🚀 distilgpt2-tiny-conversational
This is a fine - tuned version of distilgpt2 on a parsed version of Wizard of Wikipedia. It uses the Persona alpha/beta framework and is designed for use with ai-msgbot. This model achieves a loss of 2.2461 on the evaluation set.
✨ Features
- It is a basic dialogue model for conversation and can be used as a chatbot.

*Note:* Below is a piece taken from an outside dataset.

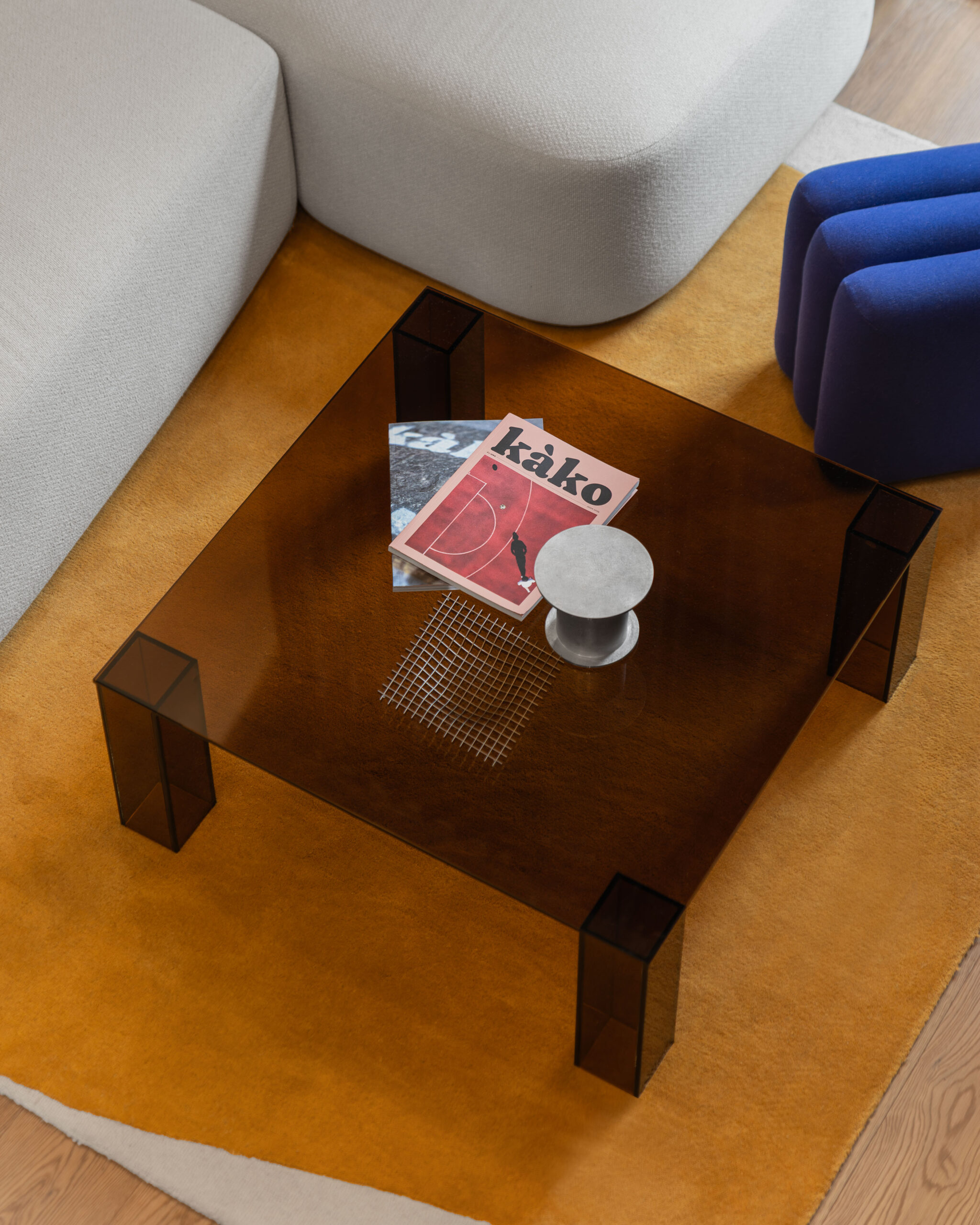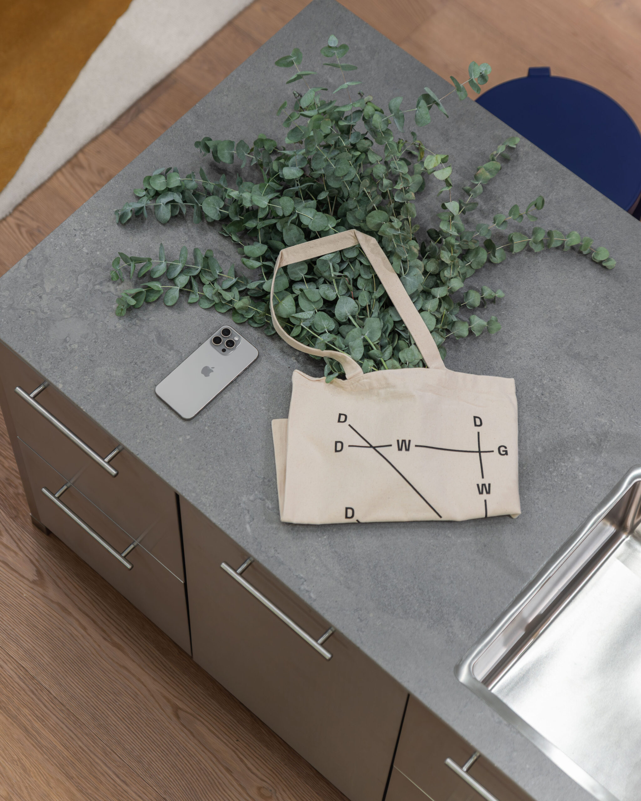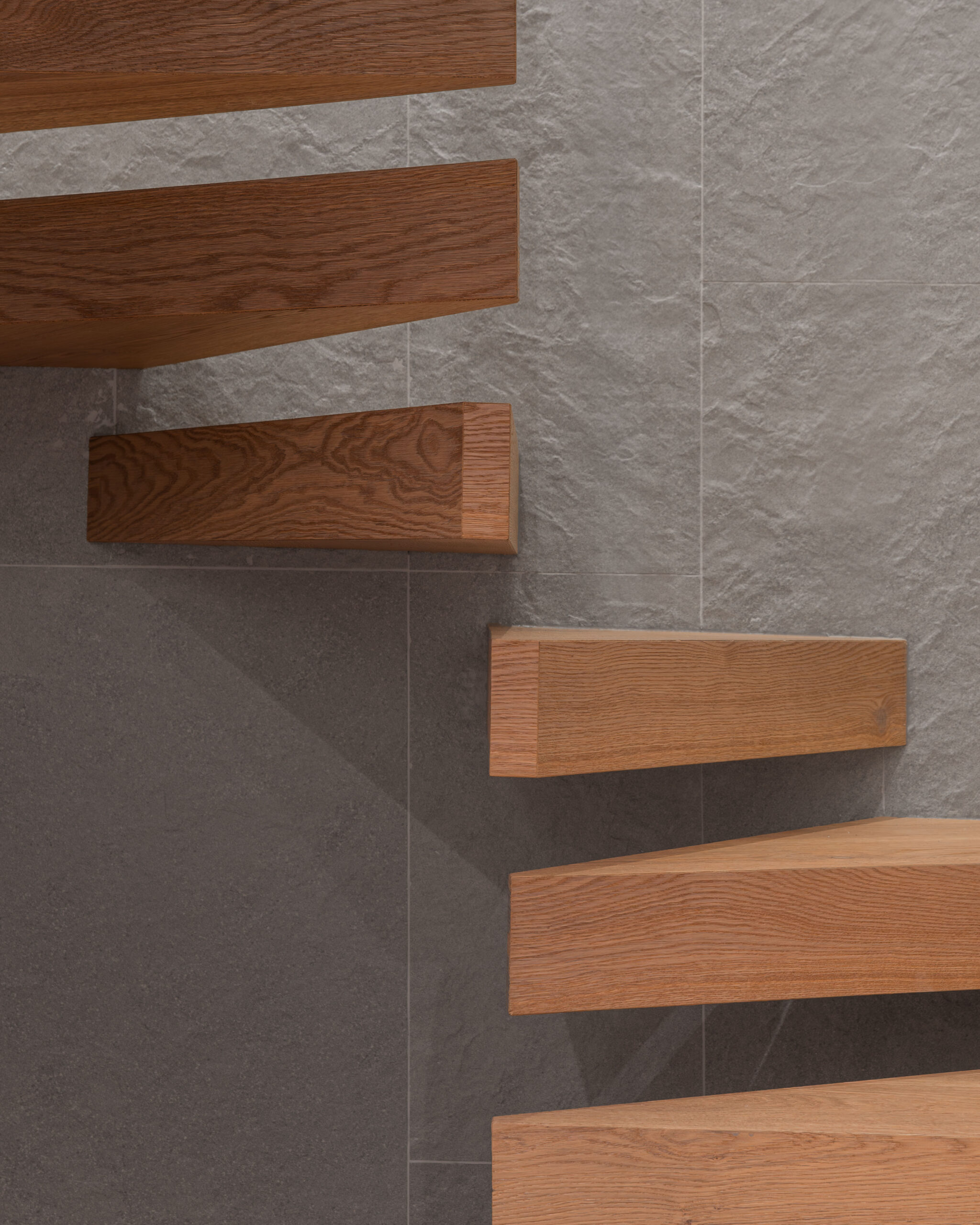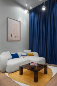 Materijalnost stana profilirana je kroz susret kontrasta: drvo i inox, toplo i hladno, meko i tvrdo, monumentalno i teksturalno. Drveni pod i visoki drveni totem unose taktilnost te vertikalno definiraju prostor, dok plava zavjesa, koja prati visinu totema, unosi potrebnu mekoću i fluidnost.

- Check out a simple demo here
📦 Installation
No installation steps are provided in the original document, so this section is skipped.
💻 Usage Examples
Basic Usage
You can use the provided widget examples to interact with the model. Here are some examples:
I know you're tired, but can we go for another walk this evening?
person beta:
Have you done anything exciting lately?
person beta:
hey - do you have a favorite grocery store around here?
person beta:
Can you take me for dinner somewhere nice this time?
person beta:
What's your favorite form of social media?
person beta:
Hi, how are you?
person beta:
I am the best; my sister is the worst. What am I?
person beta:
What do you call an alligator who's just had surgery to remove his left arm?
person beta:
A man walks into a bar and asks for a drink. The bartender asks for $10, and he pays him $1. What did he pay him with?
person beta:
What did I say was in the mailbox when it was actually in the cabinet?
person beta:
My friend says that she knows every language, but she doesn't speak any of them.. what's wrong with her?
person beta:
Inference Parameters
The following parameters are used for inference:
Parameter |
Value |
min_length |
2 |
max_length |
64 |
length_penalty |
0.7 |
no_repeat_ngram_size |
2 |
do_sample |
True |
top_p |
0.95 |
top_k |
20 |
temperature |
0.3 |
repetition_penalty |
3.5 |
📚 Documentation
Intended Uses & Limitations
- It is designed for integrating with this repo: ai-msgbot
- The model generates whole conversations between two entities,
person alpha
and person beta
. These entity names are used functionally as custom <bos>
tokens to extract when one response ends and another begins.
Training and Evaluation Data
Training Procedure
- It uses deepspeed + huggingface trainer. An example notebook is in ai-msgbot
Training Hyperparameters
The following hyperparameters were used during training:
- learning_rate: 2e - 05
- train_batch_size: 32
- eval_batch_size: 32
- seed: 42
- distributed_type: multi - GPU
- gradient_accumulation_steps: 4
- total_train_batch_size: 128
- optimizer: Adam with betas=(0.9,0.999) and epsilon = 1e - 08
- lr_scheduler_type: cosine
- lr_scheduler_warmup_ratio: 0.05
- num_epochs: 30
Training Results
Training Loss |
Epoch |
Step |
Validation Loss |
No log |
1.0 |
418 |
2.7793 |
2.9952 |
2.0 |
836 |
2.6914 |
2.7684 |
3.0 |
1254 |
2.6348 |
2.685 |
4.0 |
1672 |
2.5938 |
2.6243 |
5.0 |
2090 |
2.5625 |
2.5816 |
6.0 |
2508 |
2.5332 |
2.5816 |
7.0 |
2926 |
2.5098 |
2.545 |
8.0 |
3344 |
2.4902 |
2.5083 |
9.0 |
3762 |
2.4707 |
2.4793 |
10.0 |
4180 |
2.4551 |
2.4531 |
11.0 |
4598 |
2.4395 |
2.4269 |
12.0 |
5016 |
2.4238 |
2.4269 |
13.0 |
5434 |
2.4102 |
2.4051 |
14.0 |
5852 |
2.3945 |
2.3777 |
15.0 |
6270 |
2.3848 |
2.3603 |
16.0 |
6688 |
2.3711 |
2.3394 |
17.0 |
7106 |
2.3613 |
2.3206 |
18.0 |
7524 |
2.3516 |
2.3206 |
19.0 |
7942 |
2.3398 |
2.3026 |
20.0 |
8360 |
2.3301 |
2.2823 |
21.0 |
8778 |
2.3203 |
2.2669 |
22.0 |
9196 |
2.3105 |
2.2493 |
23.0 |
9614 |
2.3027 |
2.2334 |
24.0 |
10032 |
2.2930 |
2.2334 |
25.0 |
10450 |
2.2852 |
2.2194 |
26.0 |
10868 |
2.2754 |
2.2014 |
27.0 |
11286 |
2.2695 |
2.1868 |
28.0 |
11704 |
2.2598 |
2.171 |
29.0 |
12122 |
2.2539 |
2.1597 |
30.0 |
12540 |
2.2461 |
Framework Versions
- Transformers 4.16.1
- Pytorch 1.10.0+cu111
- Tokenizers 0.11.0
📄 License
This project is licensed under the Apache - 2.0 license.